Saudi Arabia is one of the most important countries in the Middle East. The country has great wealth due to its enormous oil reserves. In addition to this, Saudi Arabia is a special country to Muslims all over the world since it is the birthplace of the Prophet Mohammed. My country has a rich and expansive history spanning many centuries. This history shows that the kingdom was not always the united regional power it is today. Modern-day Saudi Arabia was once a humble region that was occupied primarily by nomadic tribal societies. However, it was able to grow and become a strong regional power under the leadership of the Al-Saud clan. This paper will provide a brief but informative history of Saudi Arabia, starting from its formative years in the 18th century to its present form.

Early History

Saudi Arabia can trace its origins to the 18th century. During this time, the Ottoman Empire maintained control over parts of the territory that make up the modern-day Kingdom of Saudi Arabia. The Ottoman Sultan appointed rulers in the important cities of Mecca, Jeddah, and Medina. However, the Ottoman Empire did not exercise control over the interior region of Arabia, known as Najd. Without a formal Ottoman presence, the region was able to exercise independent rule with local princes ruling over the towns. One family that was a powerful force in the Najd region was the Al Saud family.

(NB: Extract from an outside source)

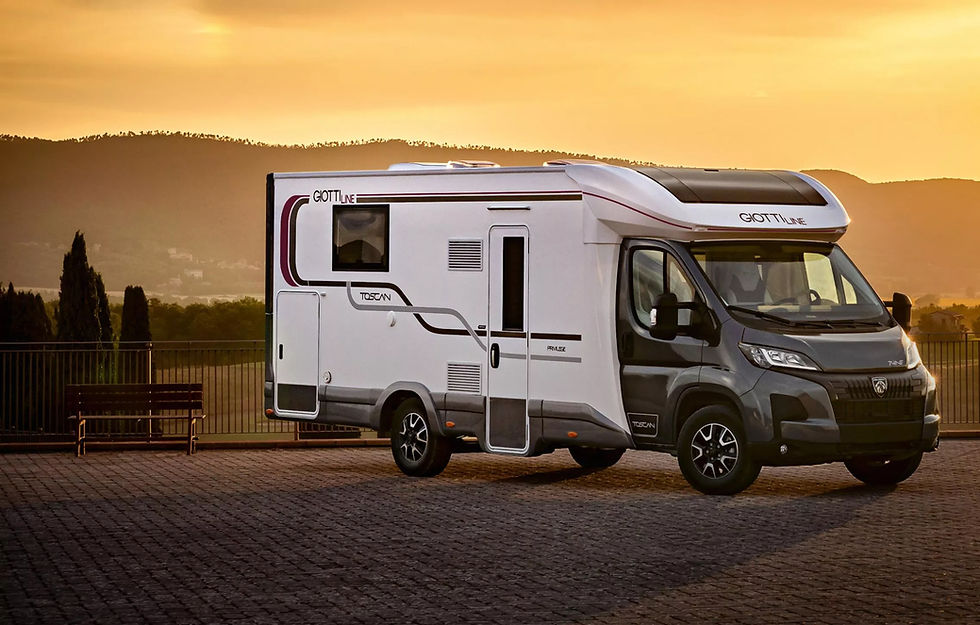 Der Toscan 74GC ist ein geräumiger und vielseitiger Teilintegrierter mit einer Länge von 7,40 Metern , zwei Heckbetten , einem Durchgangsbad und einer separaten Dusche. Der helle Wohnbereich, die umbaubare Essecke und das optionale Hubbett machen dieses Modell ideal für große Gruppen oder lange Reisen. Basierend auf Citroën- oder Peugeot -Mechaniken vereint er Wohnlichkeit und Komfort in einem schlichten und modernen Stil.

The Al Saud clan occupied the Diriya settlement in Najd, and since the early 1700s, a member of the Al Saud family ruled over Diriya. However, the Al Saud leadership was never able to expand beyond the small settlement.

Early Nomadic Communities in Saudi Arabia.
Fig. 1: Early Nomadic Communities in Saudi Arabia.

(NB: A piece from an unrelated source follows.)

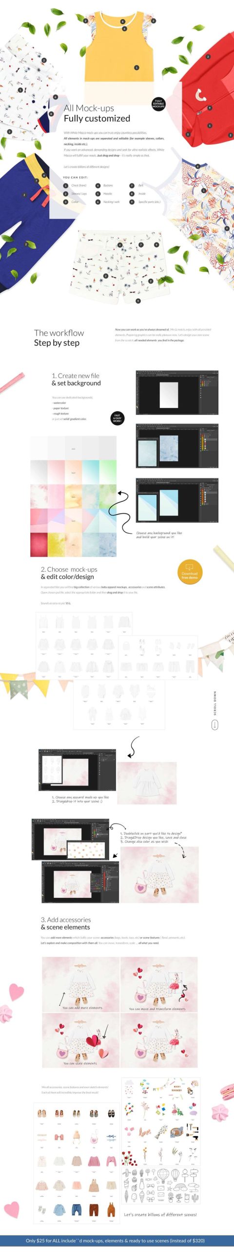 婴幼儿服装配饰展示场景PS模型样机 Baby Lookbook Creator BUNDLE vol.2
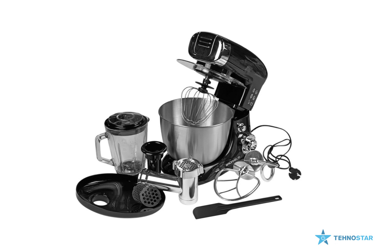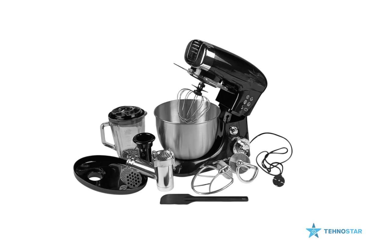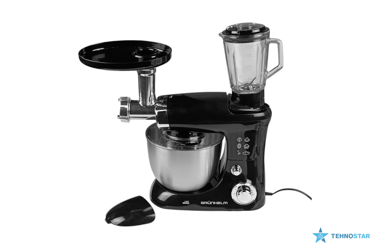 Кухонний комбайн Grunhelm GKM0016B — це універсальний та надійний помічник для кожної кухні. Завдяки своїй багатофункціональності він поєднує в собі кілька приладів одночасно: міксер, м’ясорубку, блендер та багато інших насадок. Це дозволяє готувати найрізноманітніші страви, починаючи від простих соусів та коктейлів, і закінчуючи складними випічками та десертами.

The fortunes of the al Saud family changed when it interacted with the renowned religious reformer, Sheikh Muhammad ibn Abd al-Wahhab. Al Wahhab advocated for a monotheistic religion, which would be characterized by the strict adherence to the principles of Islam as taught by the Prophet Muhammad. This reformer recognized that he would require the support of political authority to realize his goal of a pure Islamic State.

In 1744, the Amir of Diriya, Muhammad ibn Saud met with Sheikh al-Wahhab. The two men shared a vision of an Islamic state, and they were able to forge a political alliance that was meant to create a state ruled by Islamic principles Islamic State. To fulfill this goal, the two carried out military campaigns aimed at conquering the villages that refused to submit to Ibn Saud and uniting Najd.

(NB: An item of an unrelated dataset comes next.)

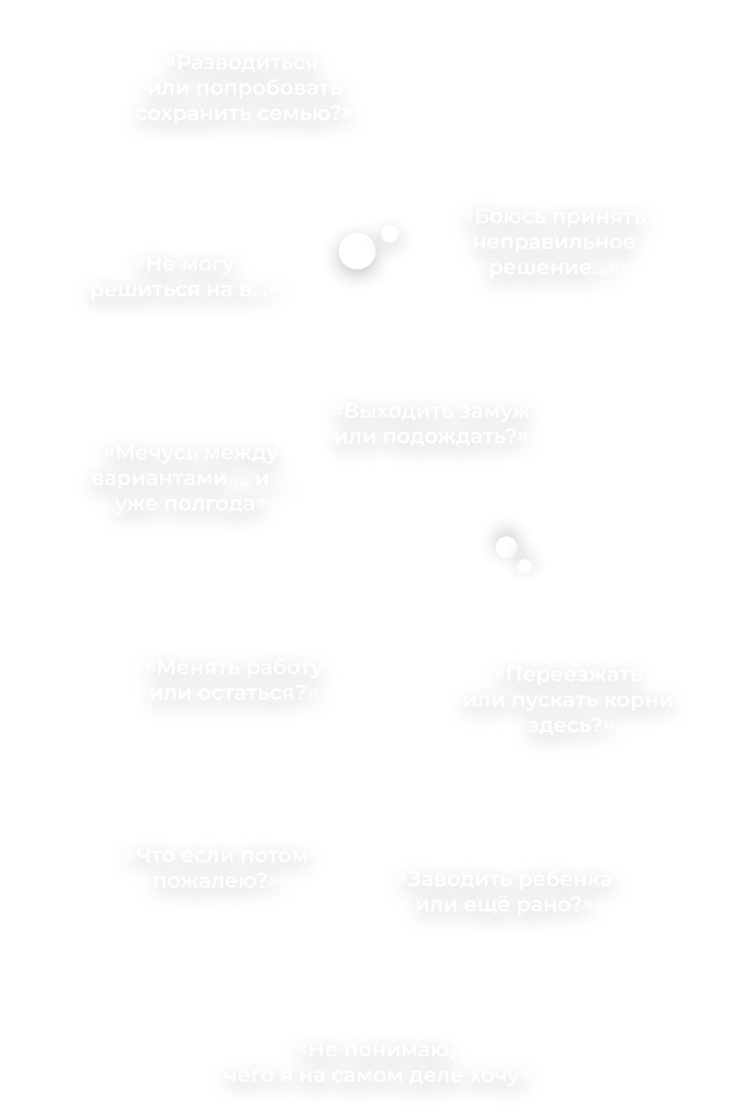 Клиенты боятся ошибиться, упустить возможность, взять ответственность за своё решение и его последствия... — это нормально, особенно, в современном мире, где нет чётких опор и ориентиров. Поэтому люди месяцами мучаются вопросами о браке, разводе, смене работы, переезде, рождении детей — и не могут сдвинуться с мёртвой точки.

After his death, Ibn Saud was succeeded by his son, who continued with the expansionist strategies of his father. Due to the military activities of this new ruler, Diriya was now the most strong city-state in the Arabian Desert. The emir of Diriya set out to conquer even more cities in the region, including the important cities of Mecca and Medina. The capture of these two cities had important implications since it was seen as undermining Ottoman rule in the region.

The Sultan entrusted the task of re-conquering the holy cities to the Egyptian viceroy, Muhammad Ali. The Egyptian forces were able to capture the towns that Ibn Saud had captured and eventually destroy Diriya. The destruction of Diriya by the Ottomans marked the end of the First Saudi State that had been stated by the Saud-Wahhab alliance of 1744.

However, the success of the First Saudi State had inspired many Arabs in the Peninsula. Members of the Al Saud family remained committed to perpetuating this goal. In 1824, Turki bin Abdullah, who belonged to the State of Saudi, carried out a revolt against the Egyptian conquerors in Riyadh. He was able to defeat the Egyptians and establish the Emirate of Nejd. This new emirate became the Second Saudi State, and it attempted to recover some of the power of the First Saudi State. The Second State was marred by internal struggles for power within the ruling family, and it collapsed in 1891 following an intensive battle between Imam Rahman and Al-Rasheed. The battle ended in victory for Al-Rasheed whose house was able to defeat Al-Saud and force them to seek refuge in Kuwait.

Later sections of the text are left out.